The past week was relatively quiet with the exception of a major Amazon API Gateway outage. Apart from this incident on the 28th, Circle CI, Zoom, Sentry, and a couple of Azure platforms had notable outages.
Amazon API Gateway had a major outage in the US-West-2 (Oregon) region, with a direct impact on AWS Batch, AWS Service Catalog, Amazon Connect, and Amazon SageMaker on the 28th. Other platforms were also likely impacted, depending on how users use their API Gateway in conjunction with other services.
Notable Metrist-Reported Downtime
While these outages didn’t make the news, these issues caught by Metrist may have affected your company’s app and operations.
- AWS EC2 experienced networking issues in the US-East0-2 region for 20 minutes on September 26th. While AWS EC2 remained completely functional for users, external network calls experienced significantly latency, as observed through Metrist use of EC2 to monitor 28 other services from that region.
- Azure VMs was unable to create new instances in Azure East US 2 for 25 minutes on the 27th.
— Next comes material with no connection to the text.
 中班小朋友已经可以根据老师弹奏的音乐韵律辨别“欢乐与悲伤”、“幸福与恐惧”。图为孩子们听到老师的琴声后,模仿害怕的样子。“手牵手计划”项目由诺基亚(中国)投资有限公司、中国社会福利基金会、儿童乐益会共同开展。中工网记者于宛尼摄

The error message associated with the outage indicated that the platform was out of capacity.
- Azure AKS was unable to create deployments in Azure East US 2 for 31 minutes on the 27th. This outage was likely related to the Azure VM capacity issues, as if no VMs are are available, an AKS deployment can’t be created.
- CircleCI was down twice on the 26th. The first outage lasted 58 minutes and involved the platform being down then degraded when tested from the eastern US. The second outage involved the platform being unable to Run Monitor Docker Workflow for 30 minutes.
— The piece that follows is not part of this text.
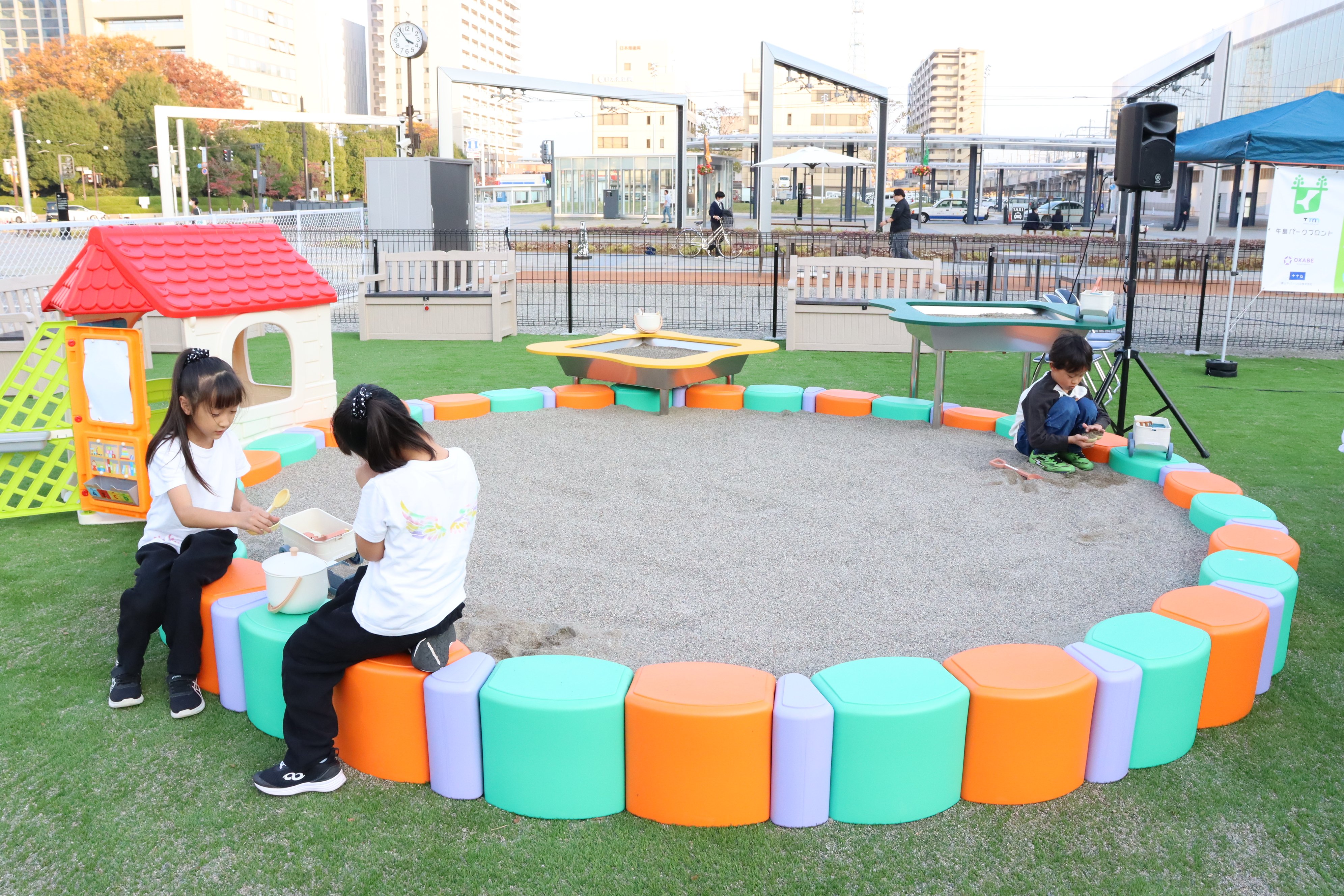 ごっこぱーくの周囲には柵が設置されていて、子どもが急に飛び出したりする心配もありません。また、見守りや休憩のできるベンチが多数あるのも、保護者にとってはうれしいポイント。爽やかな秋晴れの日に、おでかけしてみてはいかがでしょうか。

- Zoom was down (unable to join calls from parts of Canada) 10-30% of the time for 17 hours on the 27th. Then on the 2nd, 50% of the attempts to join Zoom timed out at the 2 minute mark for a total of 8 hours, 52 minutes.
- Sentry had issues for about 23 minutes on the 20th, in which issue creation wait times spiked to about 5 minutes in all North America regions. The latency for this product usually averages about 12 seconds.
- Cloudflare was down in parts of the US Northwest region, with ping checks not responding and some CDN and DNS checks failing for about 1 hour and 9 minutes on the 2nd.